When you copy the data, keep every word exactly as it is and leave the pictures out.
(Beginning of RECORDED DATA)
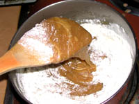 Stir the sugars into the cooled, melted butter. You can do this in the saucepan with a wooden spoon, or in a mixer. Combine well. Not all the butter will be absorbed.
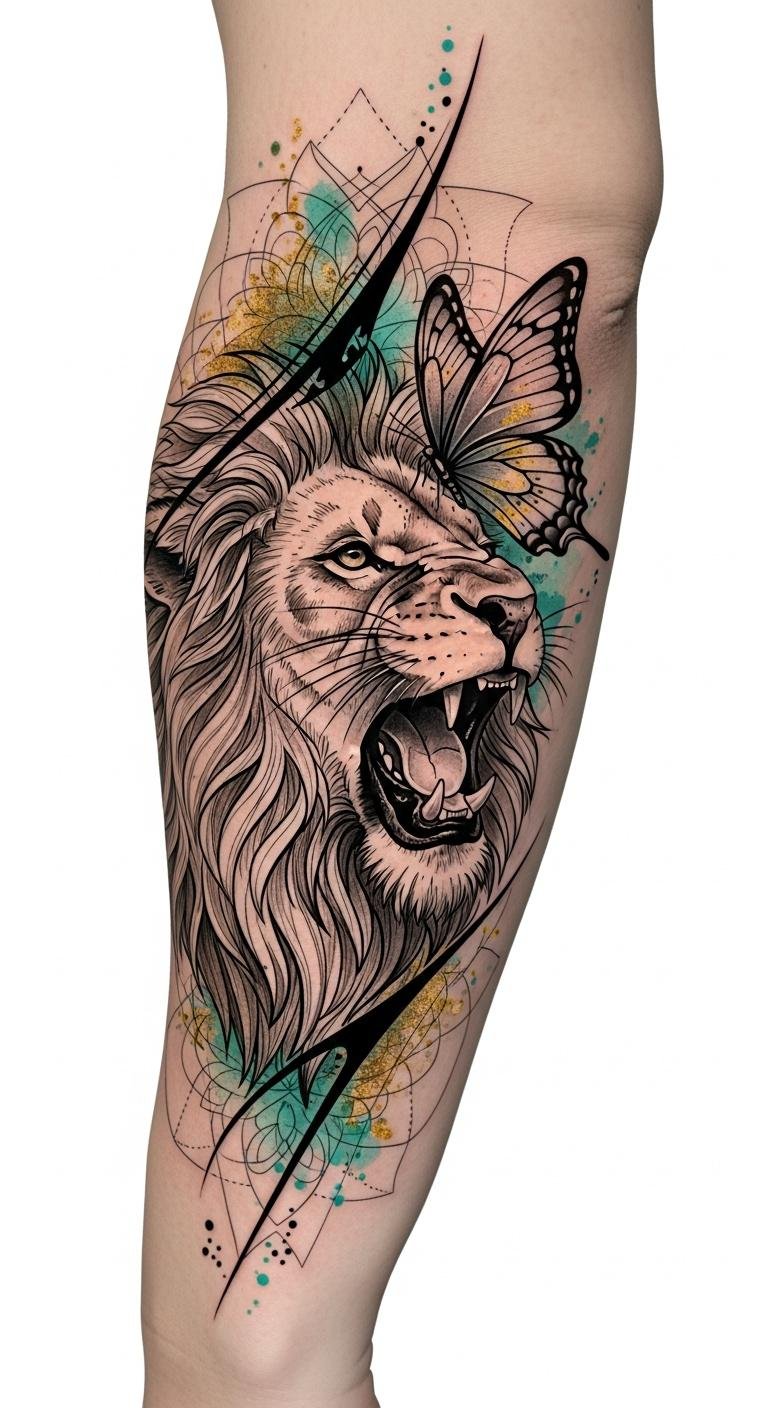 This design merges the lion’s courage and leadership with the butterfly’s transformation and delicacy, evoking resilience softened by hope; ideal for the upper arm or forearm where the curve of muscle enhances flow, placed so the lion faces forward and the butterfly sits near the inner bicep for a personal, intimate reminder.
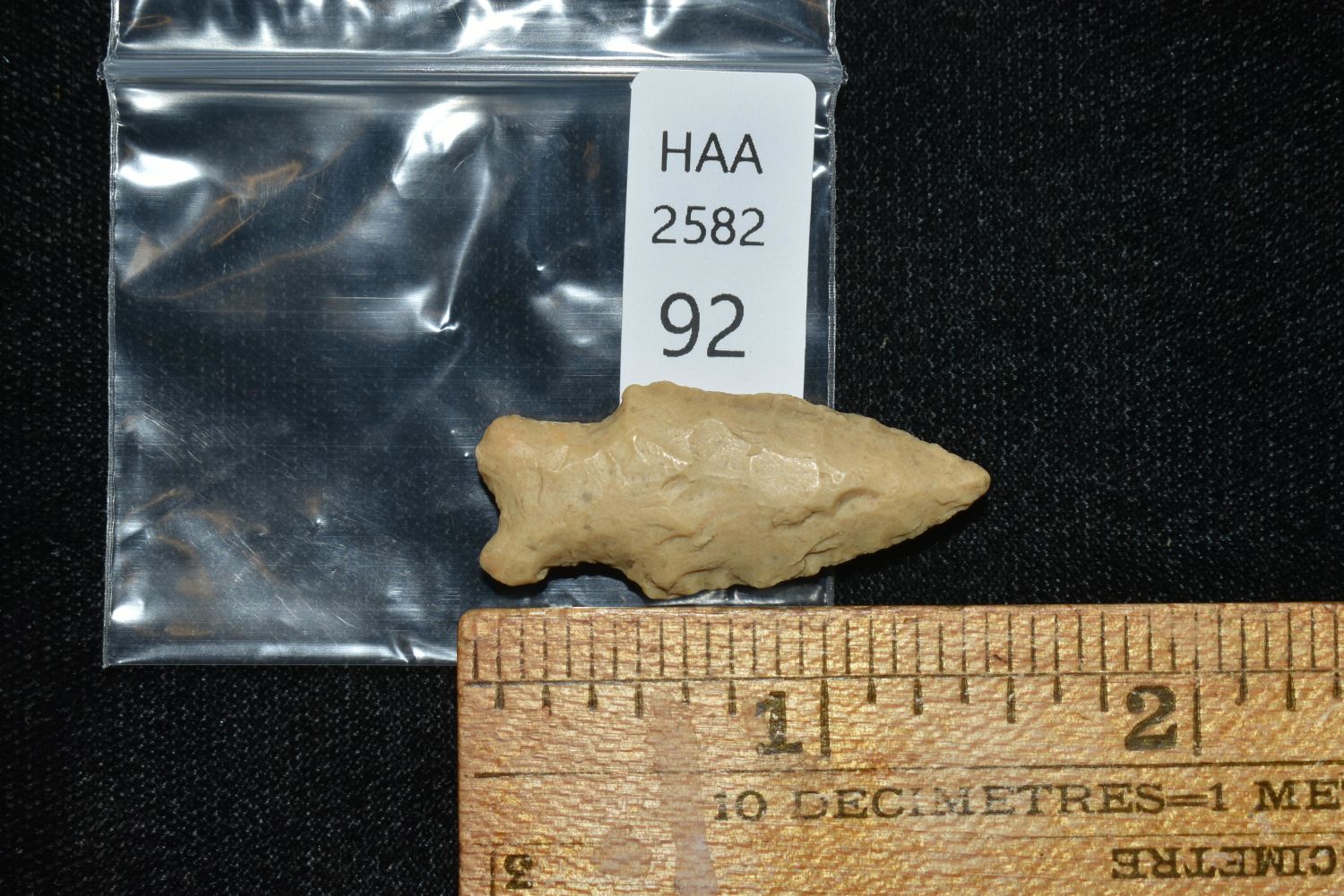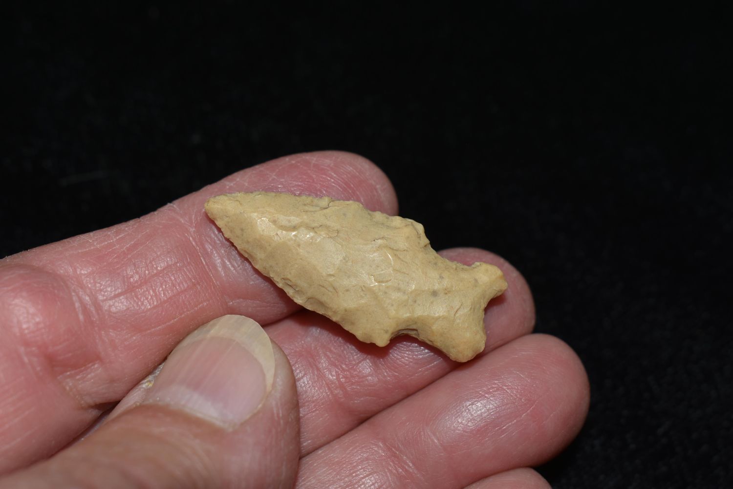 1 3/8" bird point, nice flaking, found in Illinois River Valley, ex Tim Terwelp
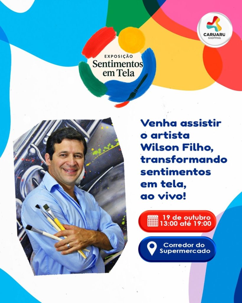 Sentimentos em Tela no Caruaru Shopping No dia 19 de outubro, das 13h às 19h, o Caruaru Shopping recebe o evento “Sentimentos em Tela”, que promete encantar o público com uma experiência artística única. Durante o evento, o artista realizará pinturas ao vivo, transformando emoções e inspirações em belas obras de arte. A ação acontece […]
(End of RECORDED DATA)
RESPONSE TO THIS EXERCISE ::
 Stir the sugars into the cooled, melted butter. You can do this in the saucepan with a wooden spoon, or in a mixer. Combine well. Not all the butter will be absorbed.
 This design merges the lion’s courage and leadership with the butterfly’s transformation and delicacy, evoking resilience softened by hope; ideal for the upper arm or forearm where the curve of muscle enhances flow, placed so the lion faces forward and the butterfly sits near the inner bicep for a personal, intimate reminder.
 1 3/8" bird point, nice flaking, found in Illinois River Valley, ex Tim Terwelp
 Sentimentos em Tela no Caruaru Shopping No dia 19 de outubro, das 13h às 19h, o Caruaru Shopping recebe o evento “Sentimentos em Tela”, que promete encantar o público com uma experiência artística única. Durante o evento, o artista realizará pinturas ao vivo, transformando emoções e inspirações em belas obras de arte. A ação acontece […]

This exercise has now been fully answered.